Using EXPLAIN to Analyze Queries

Sql

-- Check how MySQL executes a query
EXPLAIN SELECT * FROM students WHERE email = 'afrizal@mail.com';

-- Output:
-- type: ref  means index is used  (GOOD)
-- type: ALL  means full table scan (BAD)
-- rows: 1    means only one row scanned (GOOD)

Step Five: ACID Transactions

A transaction is a sequence of operations treated as a single unit. ACID properties guarantee reliability even when things go wrong.

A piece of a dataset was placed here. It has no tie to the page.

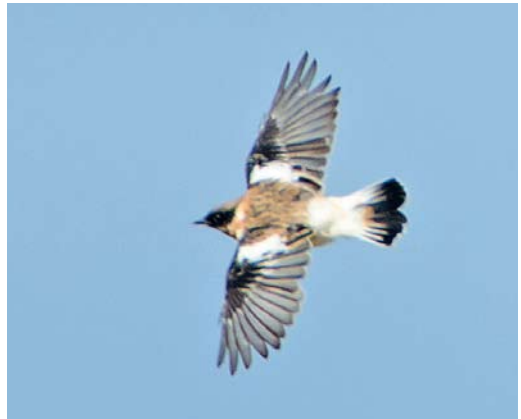
521 Kaspische Roodborsttapuit / Caspian Stonechat Saxicola maurus variegatus , adult mannetje, Vlieland, Friesland, 6 oktober 2012 ( Cock Reijnders ) 522 Kaspische Roodborsttapuit / Caspian Stonechat Saxicola maurus variegatus , adult mannetje, Vlieland, Friesland, 6 oktober 2012 ( Laurens B Steijn ). Let op grote hoeveelheid wit op binnenvlag van t3-6 / note large white area on inner web of t3-6. 523 Kaspische Roodborsttapuit / Caspian Stonechat Saxicola maurus variegatus , adult mannetje, Vlieland, Friesland, 6 oktober 2012 ( Arnoud B van den Berg ). Let op roze poten en wratten op tenen / note pink coloured legs and wart-like growths on toes. 524 Kaspische Roodborsttapuit / Caspian Stonechat Saxicola maurus variegatus , adult mannetje, Vlieland, Friesland, 6 oktober 2012 ( Han Zevenhuizen ). Let op grote witte veld op binnenste dekveren en rui van buitenste armpennen / note large white panel on inner coverts and moult of outer secondaries.

catief voor groeiende veren; binnenste twee armpennen ontbrekend.

A — Atomicity    : All operations succeed, or none of them do
C — Consistency  : Data always moves from one valid state to another
I — Isolation    : Concurrent transactions do not interfere with each other
D — Durability   : Committed data survives system crashes

Transaction Example

Sql

-- Transfer balance between two accounts
-- Without transaction: a crash halfway leaves inconsistent data
-- With transaction: either both operations complete, or neither does

START TRANSACTION;

UPDATE accounts SET balance = balance - 500000 WHERE id = 1;
UPDATE accounts SET balance = balance + 500000 WHERE id = 2;

-- If both succeed
COMMIT;

-- If anything fails
ROLLBACK;

Optimization Tips for Database Design

Choose the Right Data Types

Using the wrong data type wastes storage and slows queries:

Sql

-- Bad: storing numbers as strings
CREATE TABLE products (
    price VARCHAR(20)
    -- BAD: cannot do math operations, wastes space
);

-- Good: use appropriate numeric types
CREATE TABLE products (
    price  DECIMAL(10, 2),
    -- GOOD: exact decimal for money
    stock  INT UNSIGNED,
    -- GOOD: no negative stock values
    rating TINYINT
    -- GOOD: small range (1-5), saves space
);

Avoid the N+1 Query Problem

Sql

-- Bad: 1 query to get all students + N queries for each enrollment
SELECT * FROM students;
-- then for each student:
SELECT * FROM enrollments WHERE student_id = ?;
-- this runs N times, once per student

-- Good: 1 query using JOIN
SELECT students.name, COUNT(enrollments.course_id) AS total_courses
FROM students
LEFT JOIN enrollments ON students.id = enrollments.student_id
GROUP BY students.id;

Use Connection Pooling

Opening a new database connection for every request is expensive. Connection pooling reuses existing connections:

Python

# Using SQLAlchemy connection pool in Python
from sqlalchemy import create_engine

engine = create_engine(
    "mysql+pymysql://user:pass@localhost/dbname",
    pool_size=10,       # maintain 10 persistent connections
    max_overflow=20,    # allow up to 20 extra connections
    pool_timeout=30     # wait max 30s for an available connection
)

Conclusion

The journey from a flat text file to a well-structured relational database requires careful thinking at every stage. Normalization, proper indexing, and ACID transactions are what separate a database that works in development from one that holds up in production. The key lesson from database fundamentals: structure is everything. A poorly designed schema that works for 1,000 users will completely fall apart at 1,000,000. Design for relationships first, optimize for performance second, and never skip transactions when data integrity matters.